Hartz-IV-Ausschluss für arbeitsuchende EU-Bürger steht auf der Kippe

Hartz-IV-Ausschluss für arbeitsuchende EU-Bürger steht auf der Kippe

Luxemburg (epd). Arbeitsuchende EU-Bürger mit schulpflichtigen Kindern in Deutschland können sich Hoffnung auf die Zahlung von Hartz IV machen. Wie der Generalanwalt des Europäischen Gerichtshofes (EuGH) in Luxemburg in seinen gutachterlichen Schlussanträgen vom Donnerstag feststellt, muss nach EU-Recht ein Aufenthaltsrecht der Kinder wegen ihres Schulbesuchs in Deutschland auch zum Anspruch auf Sozialhilfeleistungen der Eltern führen. (AZ: C-181/19)

Voraussetzung sei jedoch, dass die Eltern bereits als Arbeitnehmer tätig waren, betonte Generalanwalt Giovanni Pitruzzella.
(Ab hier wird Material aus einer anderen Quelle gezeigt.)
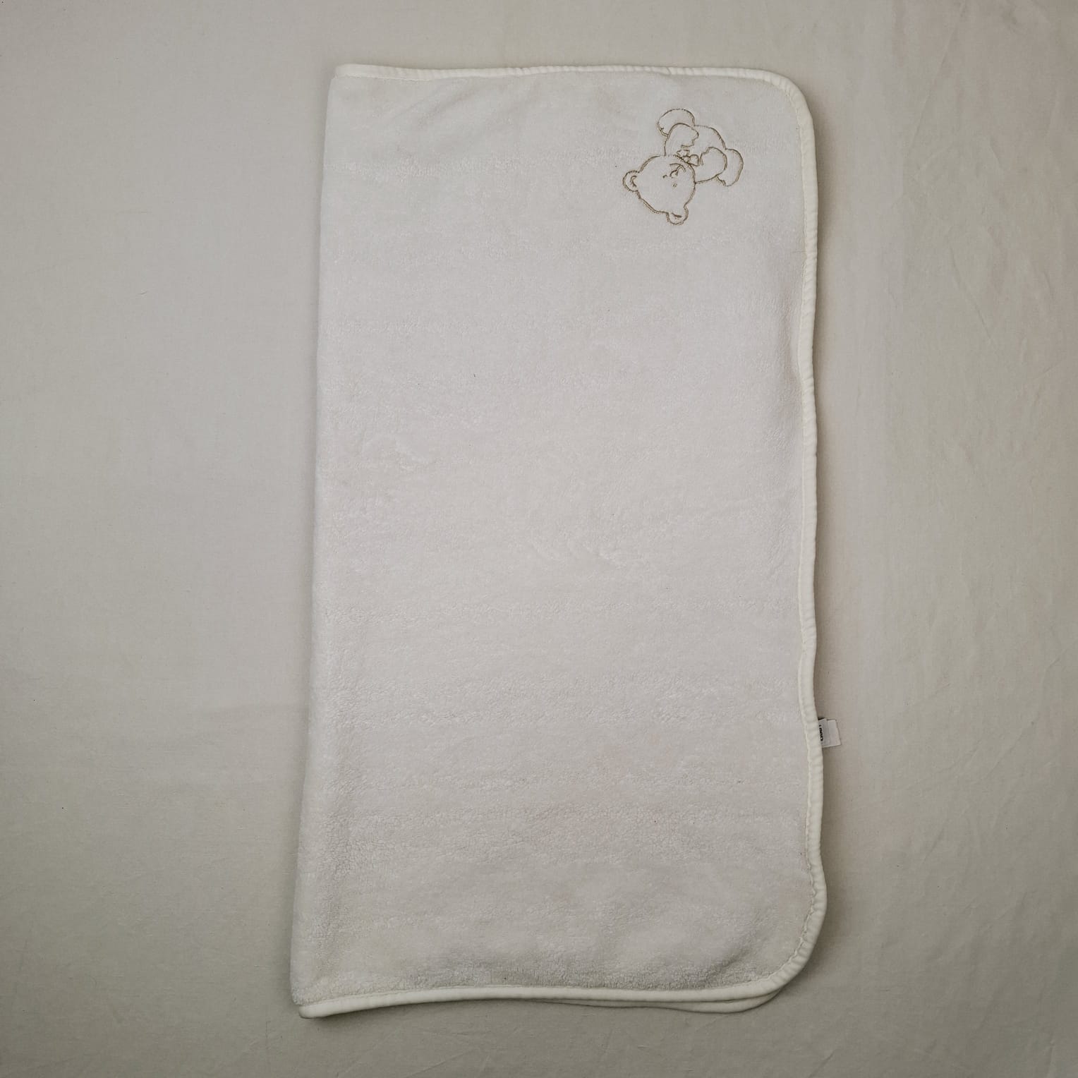 Autres commentaires : Couverture bébé en fourrure couleur ivoire toute douce avec liseré crème, petit ours en peluche dessiné dans un des coins.

In den allermeisten Fällen folgt der EuGH in seinen Urteilen dem Gutachten des Generalanwalts. Damit steht in Deutschland der gesetzliche generelle Hartz-IV-Ausschluss für arbeitsuchende EU-Bürger auf der Kippe.

Im Streitfall hatte ein polnischer Kläger zeitweise in Deutschland gearbeitet und dann Arbeitslosengeld II für sich und seine beiden schulpflichtigen Töchter erhalten. Die deutschen Vorschriften sehen für arbeitsuchende EU-Bürger einen Ausschluss von Hartz-IV-Leistungen vor. Waren sie mindestens ein Jahr im Bundesgebiet beschäftigt, besteht dagegen ein Anspruch auf Hilfeleistungen. Bei weniger als einem Jahr ist der Arbeitslosengeld-II-Anspruch auf sechs Monate beschränkt - so wie im vorliegenden Fall.

Das Jobcenter Krefeld lehnte daher den Hartz-IV-Folgeantrag des Klägers ab. Das Landessozialgericht Nordrhein-Westfalen fragte daraufhin beim EuGH an, ob die deutschen Regelungen mit EU-Recht im Einklang stehen.

Nach Auffassung des Generalanwalts ist der generelle Ausschluss von beitragsunabhängigen Sozialhilfeleistungen nicht mit dem EU-Recht vereinbar. Zwar habe der EuGH bereits am 15. September 2015 geurteilt, dass Deutschland zum Schutz seiner Sozialsysteme EU-Bürger, die sich nur zur Arbeitsuche in Deutschland aufhalten, von Hartz-IV-Leistungen ausschließen dürfen (AZ: C-67/14).

Das gelte jedoch nicht, wenn - entsprechend Artikel 10 der Freizügigkeitsrichtlinie - das Aufenthaltsrecht der arbeitsuchenden Eltern auf den Schulbesuch ihrer Kinder in deutschen Schulen zurückgeht. Außerdem müssten diese für einen Anspruch auf Sozialleistungen zuvor bereits als Arbeitnehmer tätig gewesen sein. Der aktuelle Fall sei daher mit dem EuGH-Urteil aus dem Jahr 2015 nicht vergleichbar. In dem damaligen Verfahren spielte das Aufenthaltsrecht der Eltern wegen des Schulbesuchs der Kinder keine Rolle. In voraussichtlich einigen Monaten wird der EuGH über den Rechtsstreit abschließend entscheiden.